School officials said the city is late in paying $20 million to the district. The city collects $41.5 million from property owners on behalf of the school district.

“They are six months behind, but we still have to pay our bills,” said school board vice president Nakima Redmon. “It’s not fair to us. We still have to operate as a business to pay our bills on time. We’re suffering.”

Business administrator Richard Matthews said the city’s lack of payments has created cashflow problems for the district. Matthews said he met with municipal business administrator Vaughn McKoy and finance director Marge Cherone in late February to find a solution to the perennial problem.

The city gave him a six months payment plan, said Matthews. He said the plan was for the city to pay three months in March, but the district only received one month’s payment.

Matthews said a second meeting is scheduled for Mar. 22.

The municipal government has always been late in paying the school district. For example, in Mar. 2018, the city was six months late in paying the school district.

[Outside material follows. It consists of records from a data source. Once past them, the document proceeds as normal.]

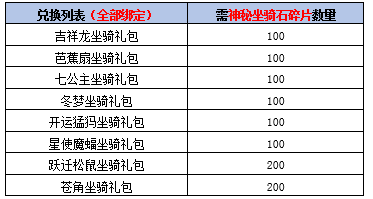 随机坐骑包括:吉祥龙坐骑礼包、冬梦坐骑礼包、神行灵鼠坐骑礼包、高级推进器礼包、官府战马坐骑礼包、绿林战马坐骑礼包、夏梦坐骑礼包、骷髅号坐骑礼包、五彩凤凰坐骑礼包,绑定情况随机。
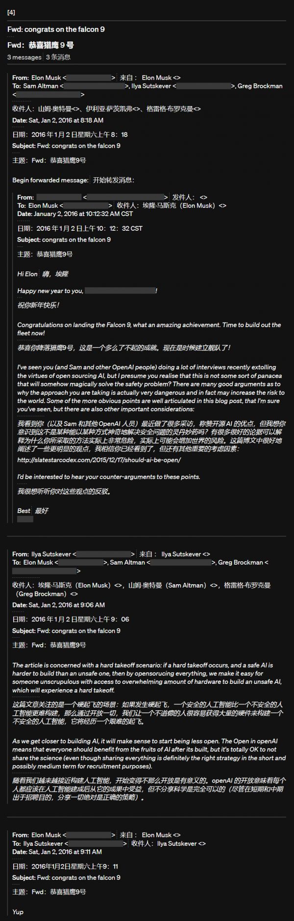 OpenAI正式驳斥马斯克,自曝8年间邮件往来截图
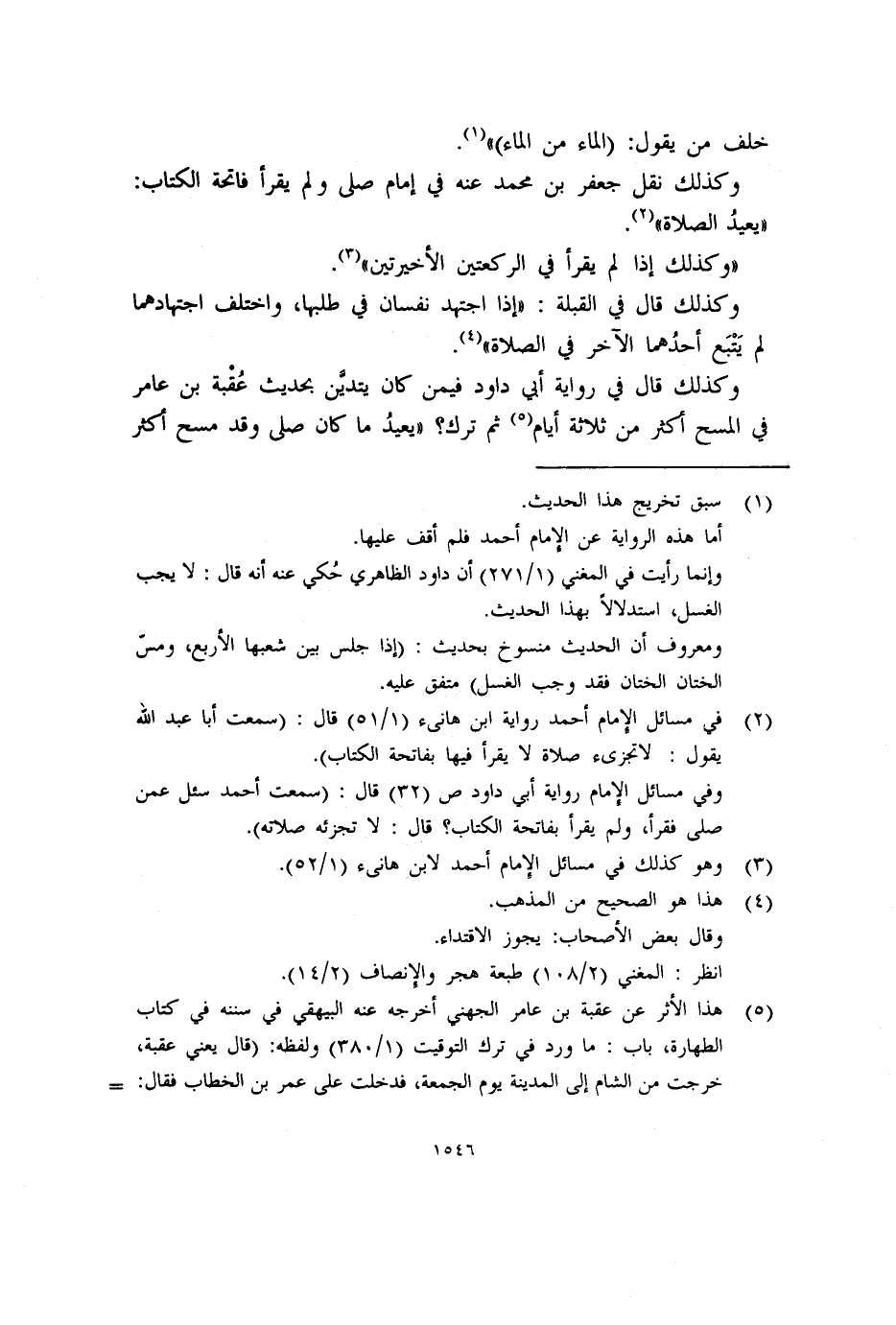 (٣) وهو كذلك في مسائل الإِمام أحمد لابن هانىء (١/٥٢) .
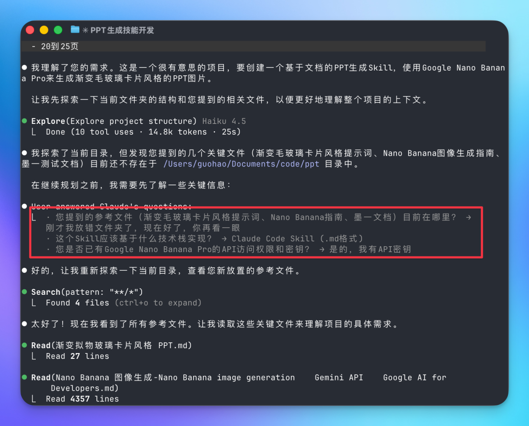 提前把这些上下文背景信息准备好之后就避免了在生成过程中 Claude 自己瞎写的可能性,比如在调用 Nano Banana Pro 生成图片的时候由于他不是完全清楚这些参数,就有可能自己瞎写,很容易出问题。
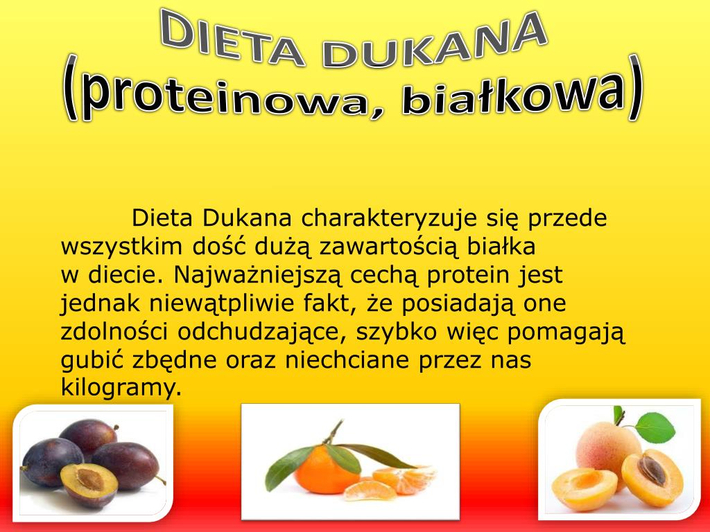DIETA DUKANA(proteinowa, białkowa) Dieta Dukana charakteryzuje się przede wszystkim dość dużą zawartością białkaw diecie. Najważniejszą cechą protein jest jednak niewątpliwie fakt, że posiadają one zdolności odchudzające, szybko więc pomagają gubić zbędne oraz niechciane przez nas kilogramy.
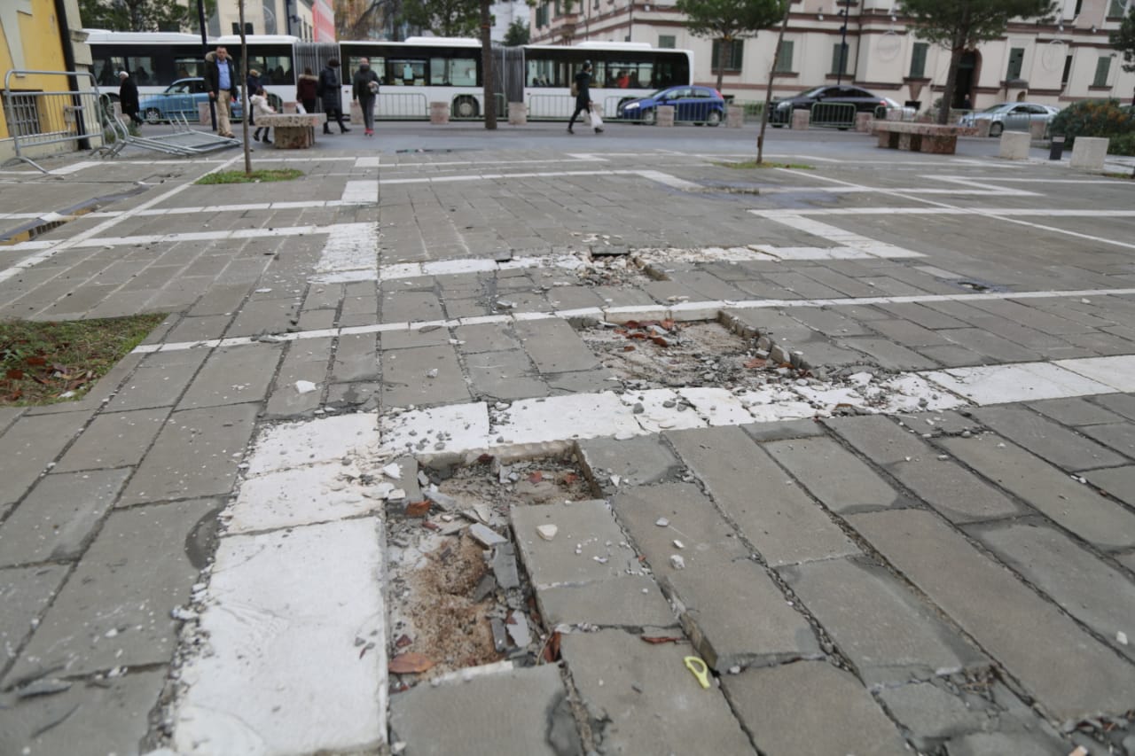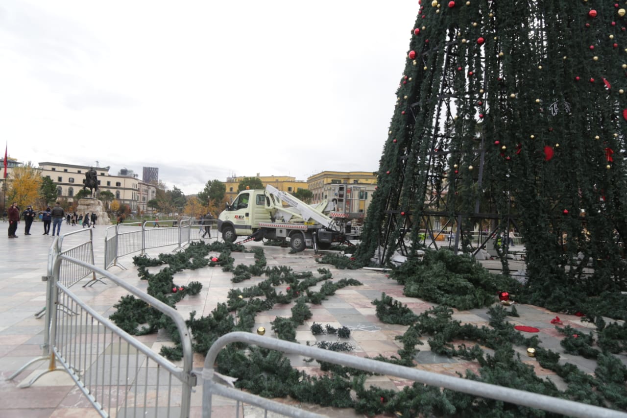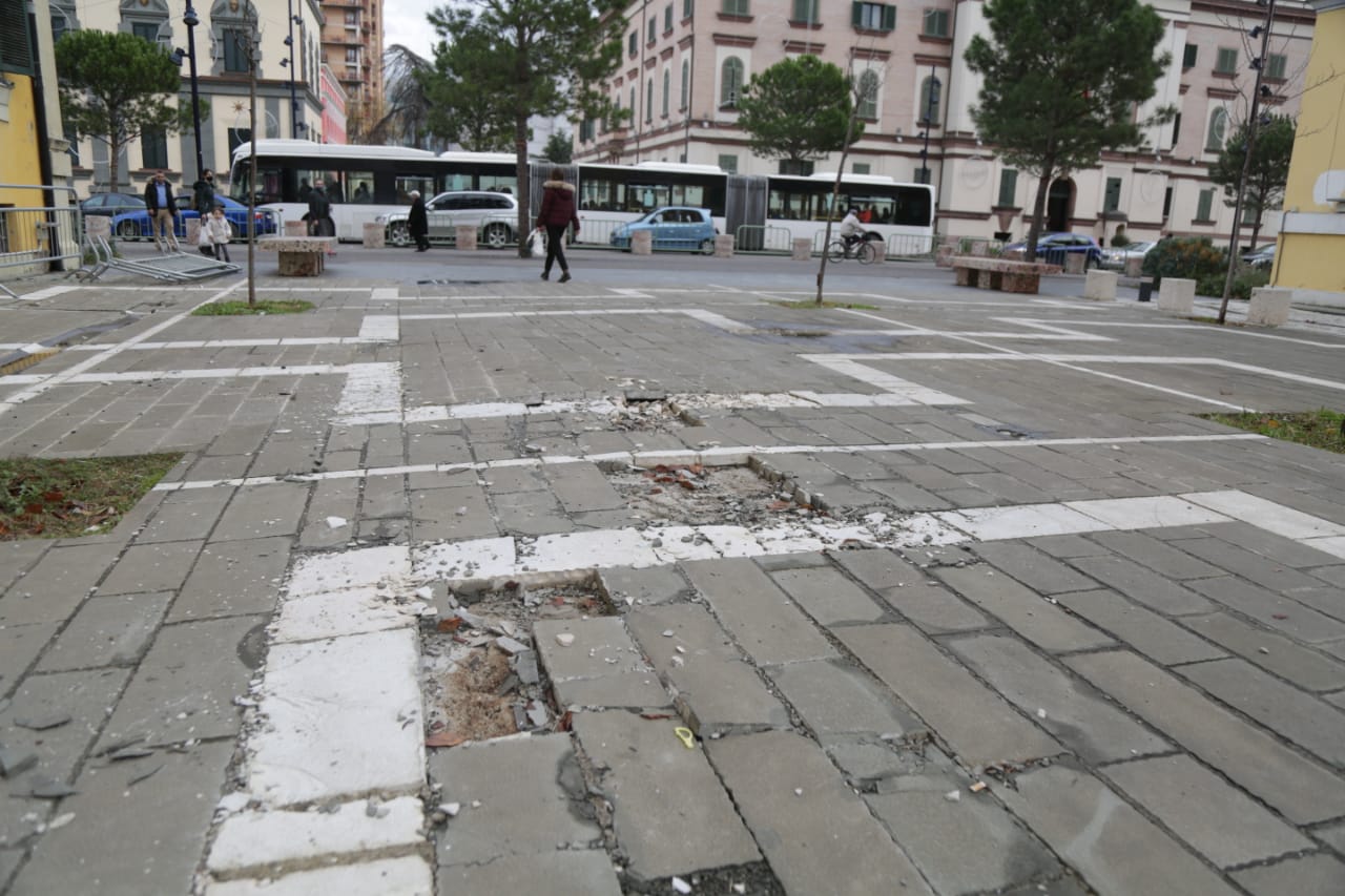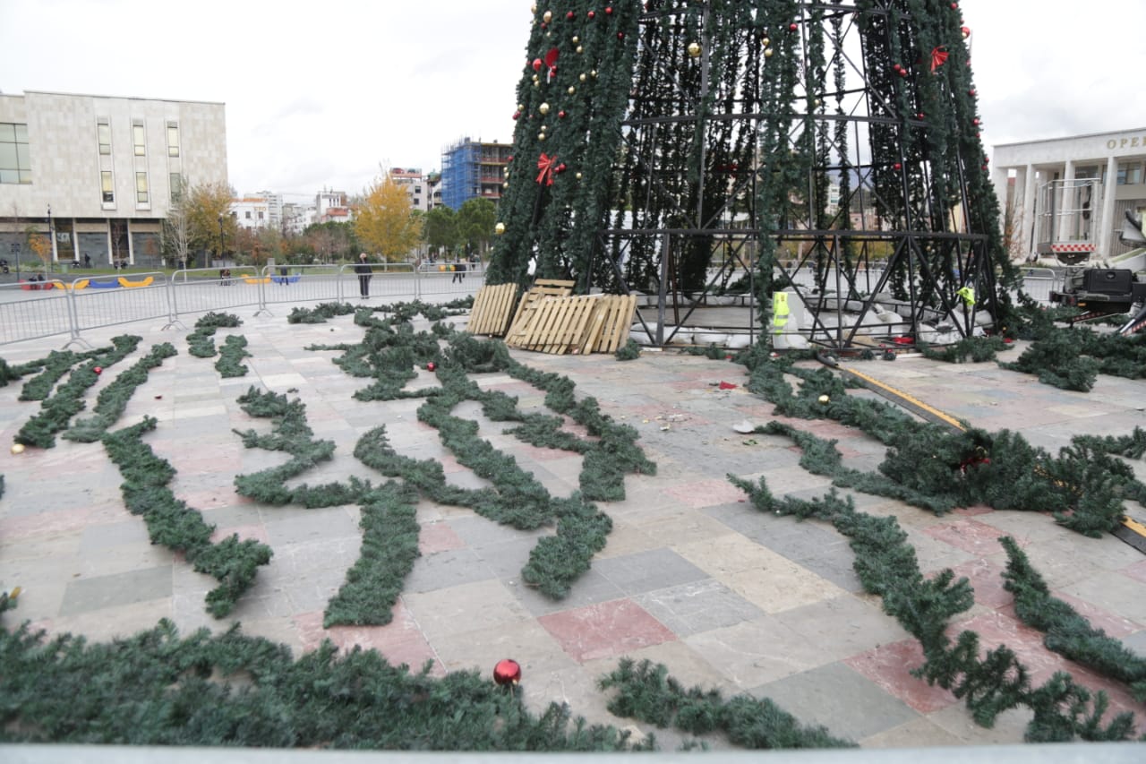 Foto-reportazhi nga Tirana sot/ Godina me xhama të thyer, trotuare me pllaka të shkulura e pemë zbukurimesh përtokë
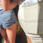 4 asses and legs in denim shorts

“That’s just straight irresponsible to be six months behind in payment. And frankly unacceptable,” said school board member Manny Martinez.

“We need our money. Right now, we’re operating in the red,” said Redmon.

“Can we charge them interest on that money that they owe us? Because if I were behind on paying my sewer bill, they’re going to charge me interest on that,” said school board member Joel Ramirez.

“We haven’t charged interest, but we can charge them interest,” replied Matthews.

“Something needs to happen. We need to do something and make them respect us,” said Ramirez.

Municipal officials said it’s less about respect and more about the city’s own fiscal problems. For example, the city is waiting on the state government to provide $33 million to balance its own budget.

The city is nine months into the fiscal year.

Mayor Andre Sayegh said the city is getting its transitional aid. Once it receives the funds it will make payments to the school district.

Municipal officials have told Matthews the city will become up-to-date on payments in May.

“Are we paying all our bills on time?” asked longtime school board member Jonathan Hodges.

“Yes. By law we have to pay within 60 days,” replied Matthews.

Hodges cautioned the district in going after the municipal government.

“You want to be circumspect when you go after the city. We’re in the same boat that they are,” said Hodges. “Money to help close their budget comes from the state and they don’t get their money on time.”